== Input data ==
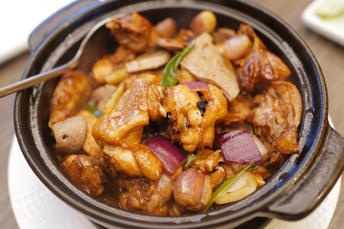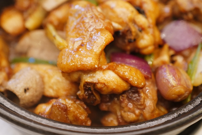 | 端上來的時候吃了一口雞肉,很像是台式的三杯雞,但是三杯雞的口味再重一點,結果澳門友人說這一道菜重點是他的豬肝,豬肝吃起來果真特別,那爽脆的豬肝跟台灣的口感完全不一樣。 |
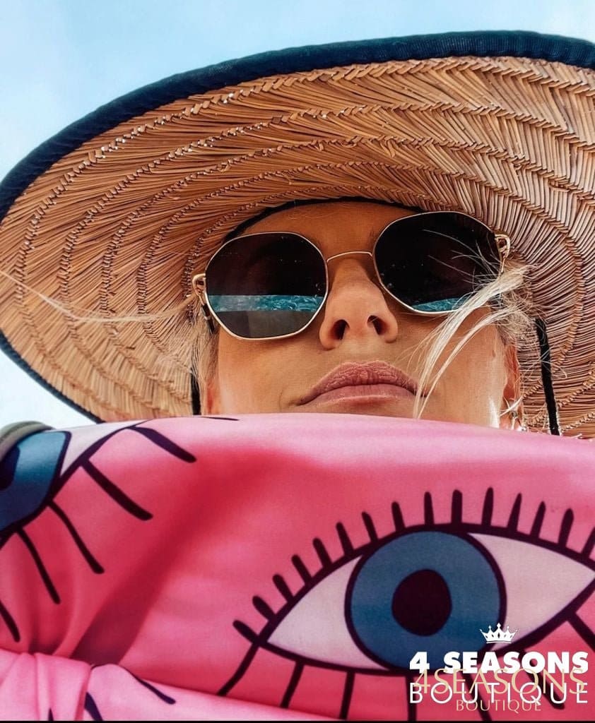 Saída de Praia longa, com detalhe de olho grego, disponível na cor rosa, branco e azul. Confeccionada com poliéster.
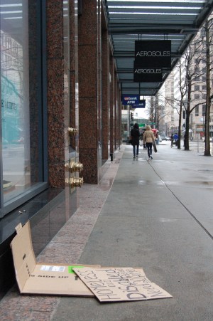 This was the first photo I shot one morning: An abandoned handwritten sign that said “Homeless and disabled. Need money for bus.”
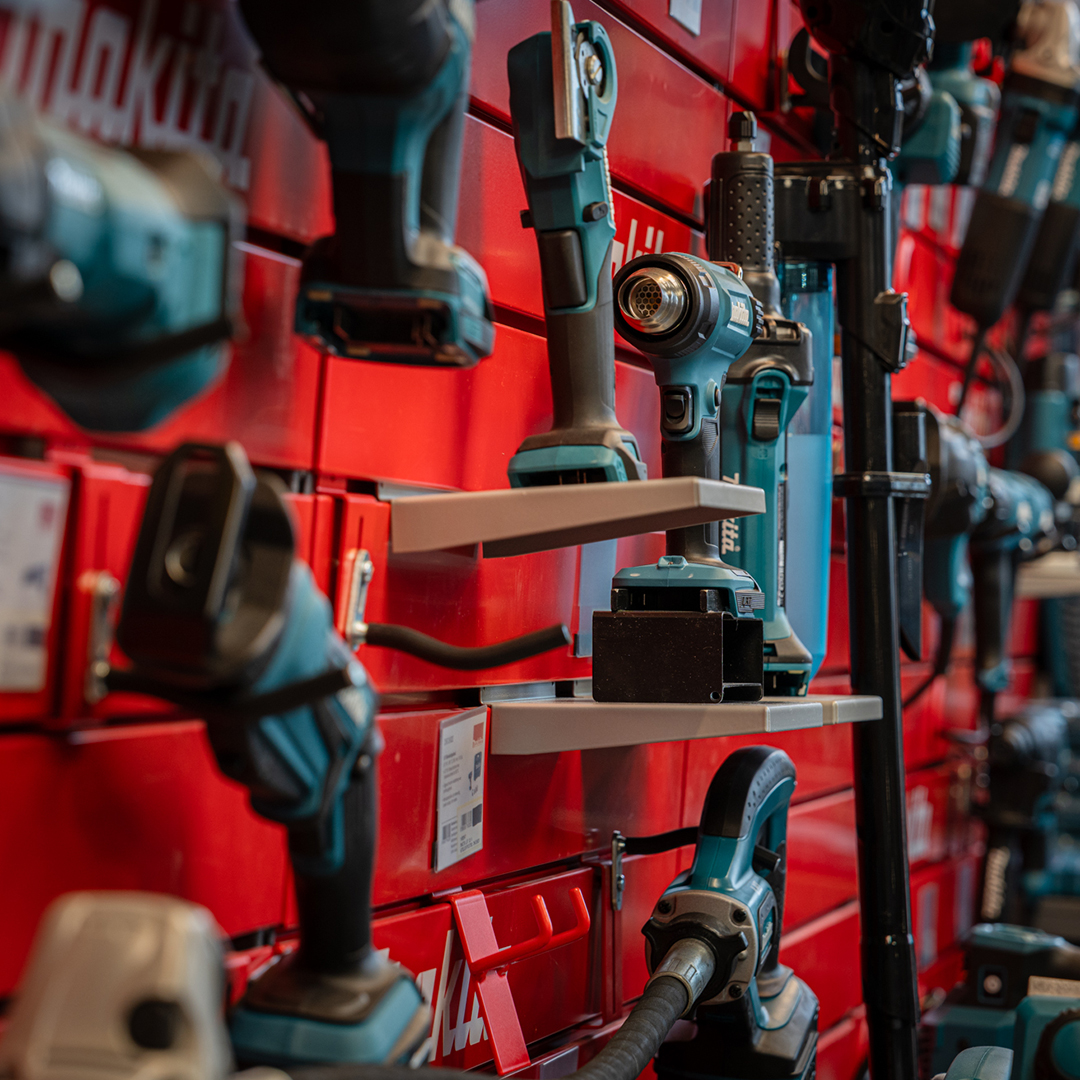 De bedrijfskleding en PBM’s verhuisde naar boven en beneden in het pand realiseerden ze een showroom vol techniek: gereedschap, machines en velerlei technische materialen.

== Work item ==
Quote each line of the listing exactly, but leave the pictures out.

== Solution below ==
 | 端上來的時候吃了一口雞肉,很像是台式的三杯雞,但是三杯雞的口味再重一點,結果澳門友人說這一道菜重點是他的豬肝,豬肝吃起來果真特別,那爽脆的豬肝跟台灣的口感完全不一樣。 |
 Saída de Praia longa, com detalhe de olho grego, disponível na cor rosa, branco e azul. Confeccionada com poliéster.
 This was the first photo I shot one morning: An abandoned handwritten sign that said “Homeless and disabled. Need money for bus.”
 De bedrijfskleding en PBM’s verhuisde naar boven en beneden in het pand realiseerden ze een showroom vol techniek: gereedschap, machines en velerlei technische materialen.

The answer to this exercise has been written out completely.